In each exercise you are provided with three pieces of information:

  1. A code chunk,
  2. An example of a valid input, and
  3. Expected output from a function.

Your job is to write the function that produces the output shown from the example input. Answer these questions to organize yourself:

  1. Describe the purpose of the command in the code chunk.
  2. Choose an appropriate function name and corresponding arguments.
  3. Write a custom function following the syntax provided in this chapter.
  4. Test your function. Do you see the same output?

The following is code chunk 1:

# Hint: The output will be a proportion, i.e. [0,1], but of what?
sum(is.na(x))/length(x)

# Where x is a vector containing some missing values

Example of valid input:

xx <- 1:15
xx[seq(1, 15, 3)] <- NA
xx
#>  [1] NA  2  3 NA  5  6 NA  8  9 NA 11 12 NA 14 15

Custom function output, given xx:

#> [1] 0.3333333
Exercise 7.7 Follow the instructions given for Exercise 7.6.

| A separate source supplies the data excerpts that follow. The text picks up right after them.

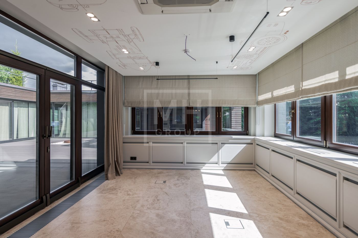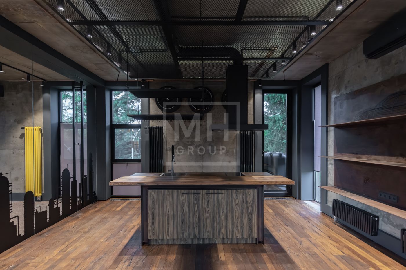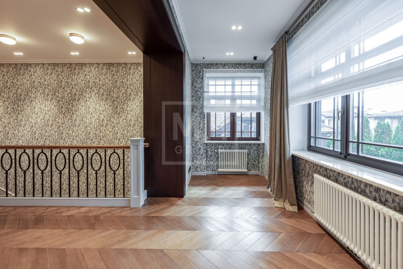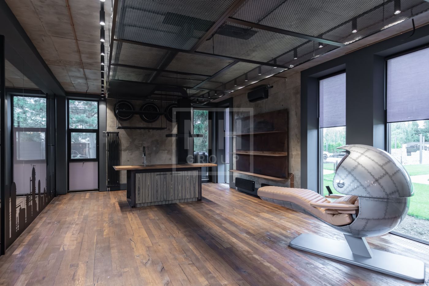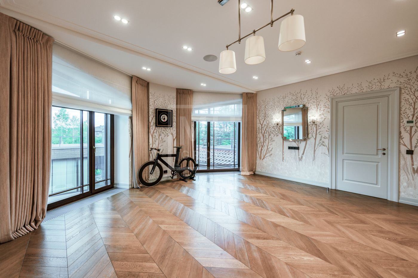 Загородный коттедж площадью 487 м² расположен на полевом участке 22 сотки,воплощает концепцию home office. Черный фасад с росписью в стиле стрит-арта создает выразительный современный образ, а большие окна наполняют интерьеры естественным светом. Внутреннее пространство выдержано в светлых тонах элементами неоклассики, где каждая деталь продумана до мелочей — премиальные обои американских производителей, мрамор, камин, авторская мебель и светильники. Особый шарм придают спортивные арт-объекты — антикварные клюшки, винтажный велосипед и футбольные мячи.Дом оснащен передовыми инженерными системами, включая канальное кондиционирование, увлажнение, приточную вентиляцию и систему «умный дом».Здесь создано идеальное пространство для комфортной работы и проведения деловых и личных встреч. Планировка включает просторную кухню-столовую с бильярдной зоной и винными шкафами, зал ожидания, 2 переговорные,5 кабинетов, гардеробную, кладовые и зону с ретро-автомобилем Bugatti. На каждом этаже расположены стойки ресепшен.
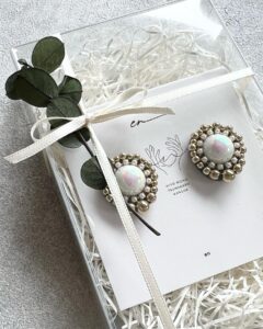 【en】では、ハンドメイドアクセサリーや、刺繍リボンを使った小物などを販売しております。個性的なボタンなどのヴィンテージパーツや、長くお使いいただける金具を厳選し、素材にこだわった逸品です。いくつにもなっても、素敵な女性でいられるお手伝いができるよう、心ときめくものをお届け。ご自身用はもちろん、ギフトにもおすすめです。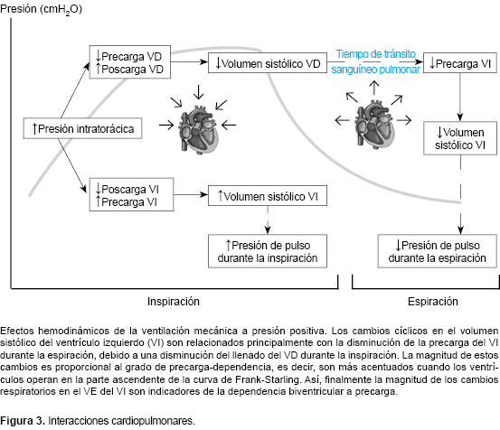 Un importante número de estudios han demostrado que la variación del volumen sistólico (VVS) (derivado del análisis de contorno de pulso), la variación de la presión de pulso (VPP) (derivado del análisis de la onda arterial) y la variación de la amplitud de la onda pletismográfica de la oximetría de pulso son medidas altamente predictivas de respuesta a fluidos.29 Esto se fundamenta en la interacción cardiopulmonar durante el uso de la ventilación mecánica, donde la ventilación a presión positiva intermitente induce cambios cíclicos biventriculares. El principal mecanismo ocurre en el VD durante la inspiración, donde el aumento de la presión intratorácica provoca una disminución de la precarga al dificultar el retorno venoso por la disminución de la gradiente entre la presión sistémica media y la presión auricular y, al mismo tiempo, aumenta la postcarga en relación al incremento inspiratorio de la presión transpulmonar (PTP). Esto, finalmente, determina una caída del volumen eyectivo (VE) del VD (el cual es mínimo al final del periodo inspiratorio). Por otro parte, el volumen sanguíneo contenido a nivel pulmonar es ''estrujado'' hacia el VI aumentando su precarga y su VE durante la inspiración. Luego de un intervalo de dos o tres latidos (tiempo de transito sanguíneo pulmonar) se observa un descenso del llenado del VI. Así, la caída de la precarga del VI induce un descenso de su volumen eyectivo, el cual es mínimo durante el periodo espiratorio (Figura 3).

The following is code chunk 2:

# Hint: On plots, this is a common, yet uninformative, error bar.
sd(x)/sqrt(length(x))

# Where x is a numeric vector

Custom function output, given xx, as per Exercise 7.6:

#> [1] 1.424001

Did you manage to deal with the missing values?

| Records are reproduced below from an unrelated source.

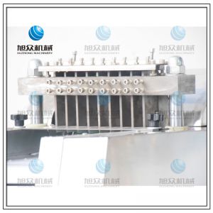 本機(jī)性價(jià)比高,模擬以手工切斷,切塊的原理采用“變速機(jī)構(gòu),自動(dòng)送料”的結(jié)構(gòu)研制而成。無損耗,采用特殊刀具刀塊,自動(dòng)加厚履帶輸送,避免了切塊的危險(xiǎn)性,使用安全性較高,切斷過程中不產(chǎn)生廢料,很大程度的保護(hù)了您的利益,節(jié)省人工,一機(jī)可抵多人工作,每小時(shí)可剁切600公斤,大大提高生產(chǎn)效率。廣泛用于大中小型食品加工廠、集體食堂、屠宰場(chǎng)、肉聯(lián)加工廠、超市等。適用于雞肉、鴨肉、魚,中小型動(dòng)物骨頭、冷凍肉、鮮肉、凍雞、雞腿等帶骨肉類,可根據(jù)需要剁塊、段、條等,大小可調(diào)。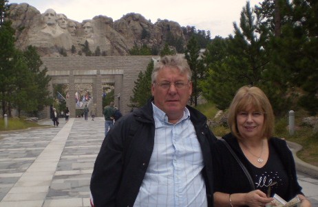 This is Friday 12th Sept. Here's Kath and Johnny at Mount Rushmore where the heads of the first, third, 16th and 26th Presidents of USA are carved into the mountain.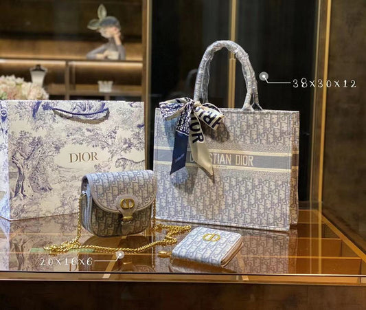 【ディオール】◆大人気 BOOK TOTE 定番柄刺繍 トートバッグ-3 sizes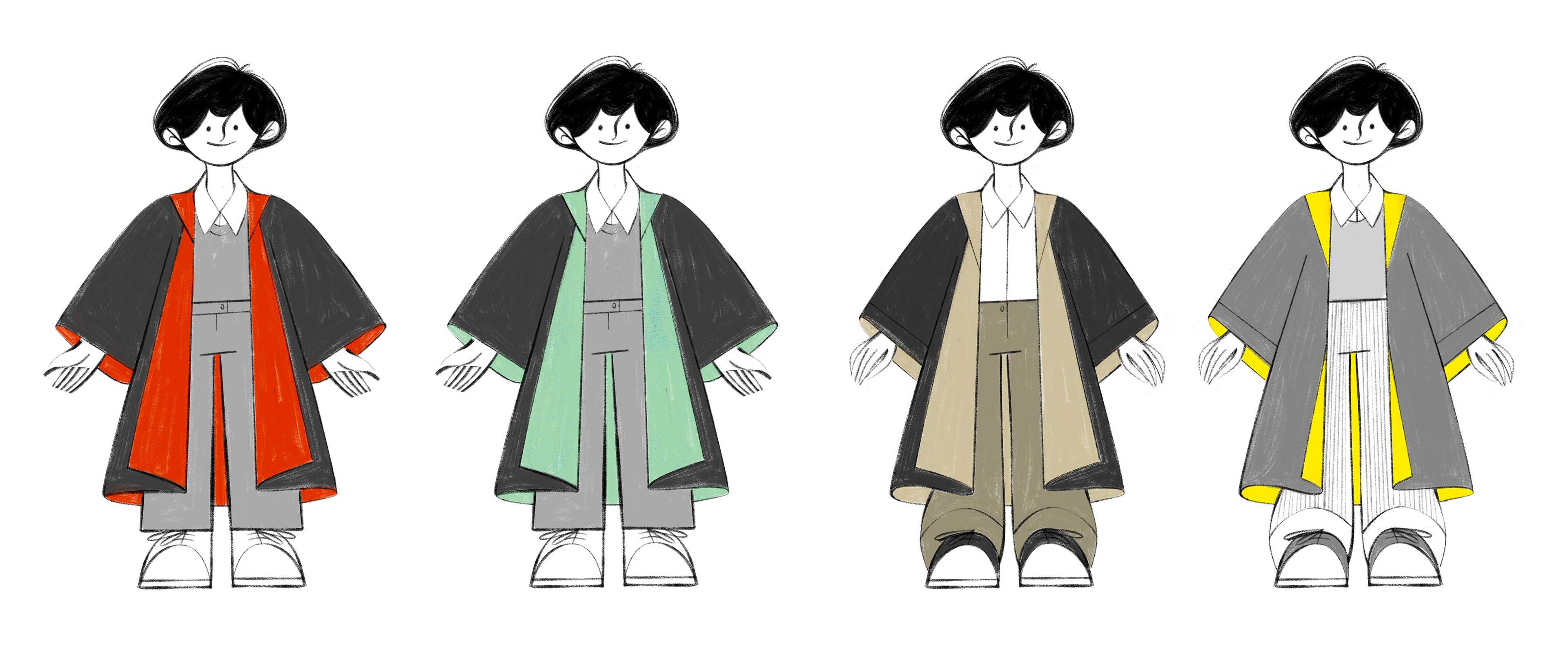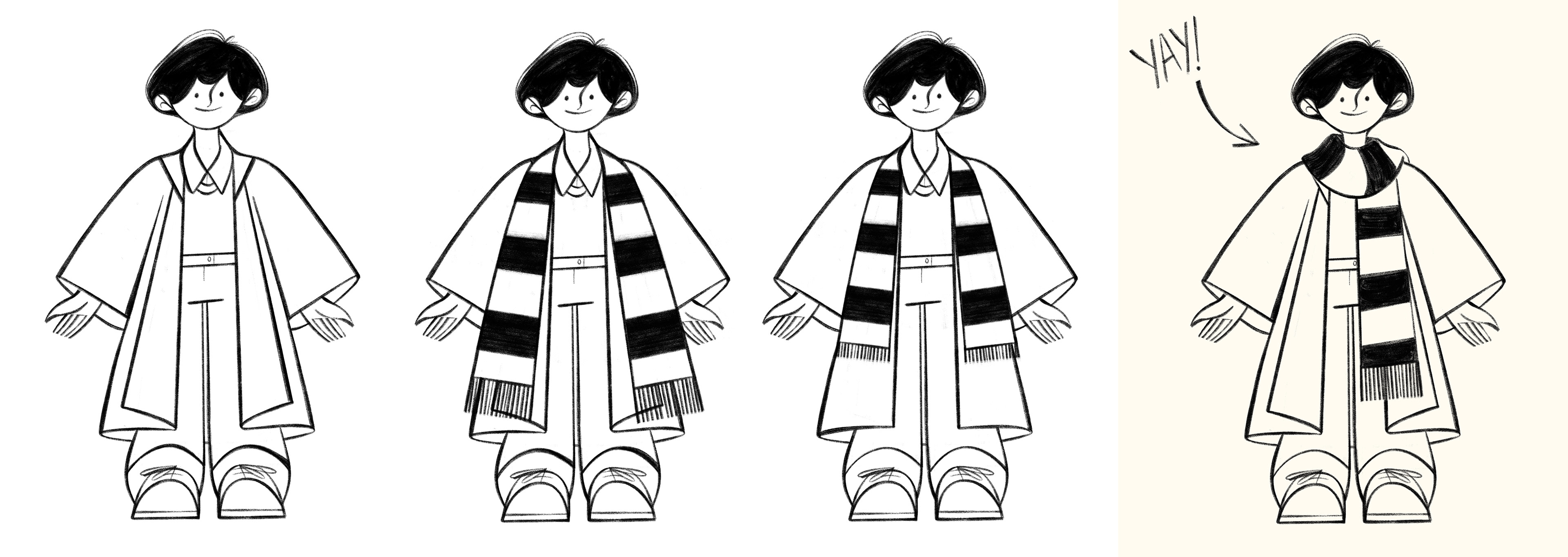 At this point we were not sure about the scarf yet, and wanted to see how it worked in action, so all concepts had a with and a without scarf version.
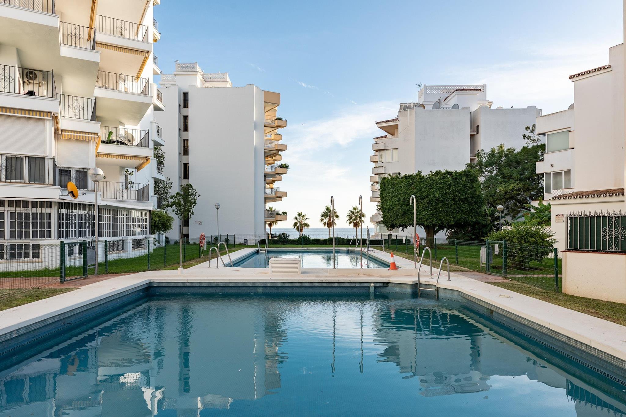 Velkommen til din drømmeferie i Marbella, hvor gyldne strande, havbrise og middelhavscharme møder moderne komfort. Beliggende i et eksklusivt strandkompleks med direkte adgang til sandet, er denne hyggelige lejlighed det perfekte fristed for en uforglemmelig Costa del Sol-ferie. Træd indenfor og føl dig hjemme i et lyst og indbydende rum designet til afslapning. Lejligheden har et komfortabelt soveværelse med en dobbeltseng, et elegant badeværelse med et forfriskende brusebad og et fuldt udstyret køkken, hvor du kan tilberede dine yndlingsmåltider. Den åbne stue og spisestue fører direkte til en privat terrasse, det perfekte sted at nyde morgenkaffen, nyde middage under åben himmel eller blot slappe af til lyden af bølgerne. Gæsterne kan også nyde den fælles swimmingpool omgivet af frodige haver, kun få skridt fra stranden. Marbella tilbyder den perfekte blanding af kystskønhed, levende kultur og lækker mad. Tilbring dine dage med at solbade på uberørte strande som Playa de la Fontanilla, Playa de Cabopino eller den glamourøse Playa de Puerto Banús. Gå en tur gennem Marbellas fortryllende gamle bydel, hvor hvidkalkede gader, blomstrende balkoner og den livlige Plaza de los Naranjos inviterer dig til at blive hængende. For eventyrlystne kan du prøve paddleboarding, sejle eller vandre på de naturskønne stier i Sierra Blanca. Golfentusiaster finder baner i verdensklasse i nærheden, mens shoppere og madelskere kan udforske de luksuriøse butikker og smarte restauranter i Puerto Banús. Uanset om du er her for at slappe af, udforske eller forkæle dig selv med den andalusiske livsstil, tilbyder denne lejlighed ved stranden alt, hvad du behøver for en perfekt Marbella-ferie - sol, hav, ro og løftet om uforglemmelige minder.

Exercise 7.8 Follow the instructions given for Exercise 7.6.

The following is code chunk 3:

# Hint: It's the value which the best linear model will minimize
sum(x$residuals^2)

# where x is an object of class lm, see below:

Example of valid input:

yy <- lm(mpg ~ wt, data = mtcars)
class(yy)
#> [1] "lm"

Custom function output, given yy:

#> [1] 278.3219

You can confirm your result by calling:

anova(yy)
Df Sum Sq Mean Sq F value Pr(>F)
wt 1 847.7252 847.725250 91.37533 0
Residuals 30 278.3219 9.277398 NA NA

Can you see where the value we calculate appears?

Exercise 7.9 Write posn_match(), a function that takes two vectors of the same length and returns an integer vector containing the positions where the two vectors agree.

Example input:

aa <- seq(1, 30, 3)
aa
#>  [1]  1  4  7 10 13 16 19 22 25 28
bb <- c(1, 28, 7,  22, 13, 16, 19, 10, 25, 4)
bb
#>  [1]  1 28  7 22 13 16 19 10 25  4

Vectoraa and bb have identical values at positions 1, 3, 5, 6, 7 & 9. Thus, the function’s output is:

posn_match(aa, bb)
#> [1] 1 3 5 6 7 9
Exercise 7.10 There are three short questions to this exercise concerning the Winsor mean.

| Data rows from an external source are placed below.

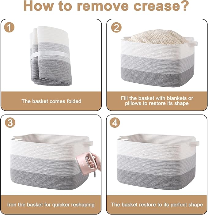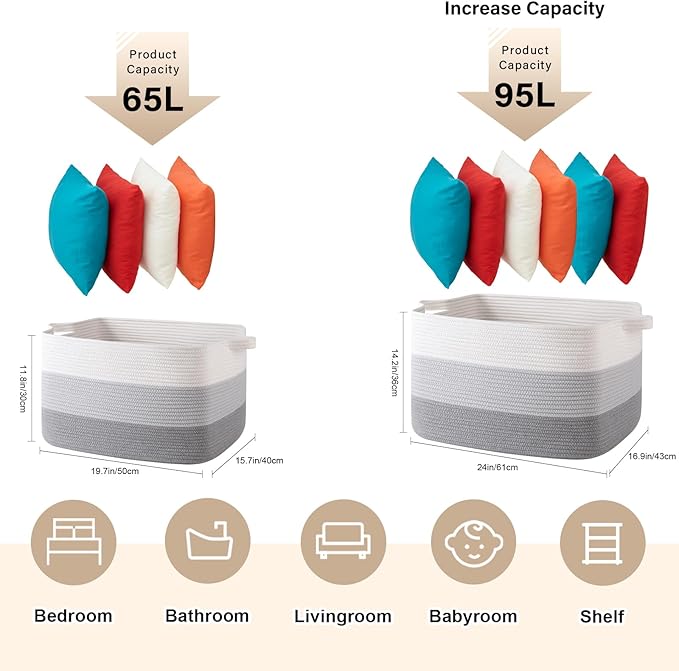 65L Large Storage Basket, Cotton Rope Woven Blanket Basket, Toy Storage for Baby Room, Living Room, Gradient Grey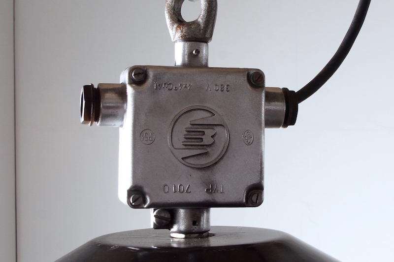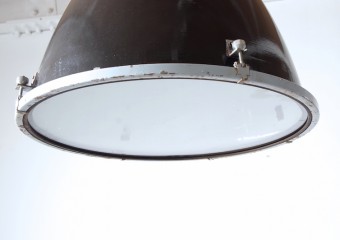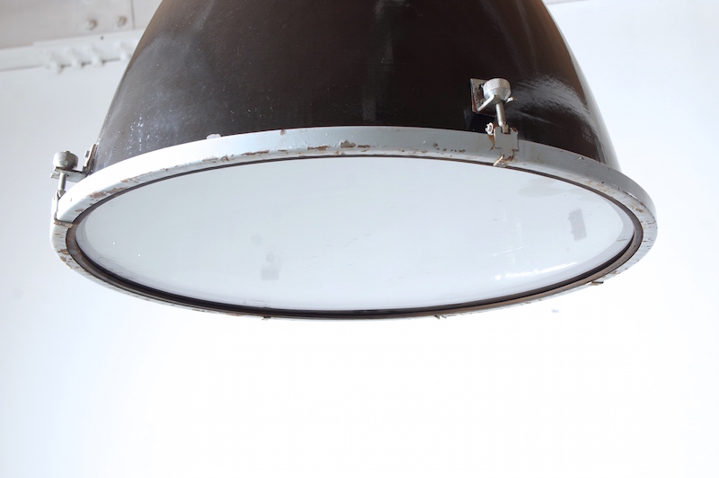 1950年代~1960年代ヨーロッパの工場や炭鉱、発電所、公共施設等の建物で実際に使用されていたビンテージインダストリアルランプシェード。ガラスカバーの付いたタイプでカバーとシェードを繋ぐ金具も雰囲気が有り、その独特なフォルムと存在感は店舗什器などインテリアのアクセントとしておすすめです。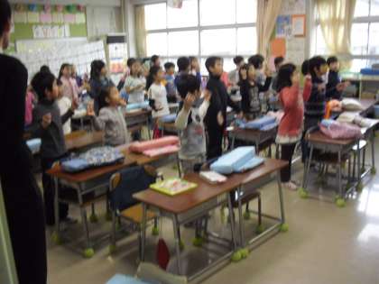 朝の会の前に今日の3,4時間目の“6年生を送る会”の練習をしていました。

The Winsor mean is a robust version of the mean. It replaces the lower and upper \(5^th\) percentiles with the closest remaining values within the central 90th percentile.

Consider the example input mm, a numerical vector with some extreme positive values:

set.seed(30)
mm <- rnorm(n = 30, mean = 0, sd = 9)
mm <- c(mm, -346, -764)
mm
#>  [1]  -11.5966638   -3.1292046   -4.6946596   11.4612585
#>  [5]   16.4206854  -13.6017715    0.9945724   -6.8471660
#>  [9]   -6.0290732    2.4706772   -9.2094482  -16.3745812
#> [13]   -6.0101083   -0.5336819    7.9214932    2.4166162
#> [17]   -0.1762144   -4.7245228  -12.6839829  -16.5059029
#> [21]   -1.4248286    6.7898391   -8.2091666    7.1993803
#> [25]   13.4149770   -9.8676179   -4.8079862  -12.7908272
#> [29]  -11.1846447    2.0874256 -346.0000000 -764.0000000

We can confirm the extreme values in a histogram:

data.frame(x = mm) %>% 
  ggplot(aes(mm)) +
  geom_histogram(binwidth = 10, center = 5) +
  theme_classic() +
  coord_cartesian(expand = 0)

We can calculate the Winsor mean using the custom function defined here:

winsor_mean <- function(x, cap = 0.05) {
  # Remove NAs and sort vector
  x <- na.omit(x)
  x <- sort(x)
  
  # Replace lower cap with next highest value
  x[x <= quantile(x, cap)] <- NA
  x[is.na(x)] <- x[min(which(!is.na(x)))]
  
  # Replace upper cap with next lowest value
  x[x >= quantile(x, 1 - cap)] <- NA
  x[is.na(x)] <- x[max(which(!is.na(x)))]
  
  # Calculate the Winsor mean:
  mean(x)
}

Testing our results reveals:

# The standard version of the mean is not robust
mean(mm, na.rm = TRUE)
#> [1] -37.47579
# The Winsor mean is robust
winsor_mean(mm)
#> [1] -4.03594
  1. Describe the value of 0.05 assigned to the cap argument in function().
  2. Explain what the following command does and why.
winsor_mean(mm, cap = NULL)
#> [1] -37.47579
  1. Given the ways we can use our function, could we have composed it in a better way?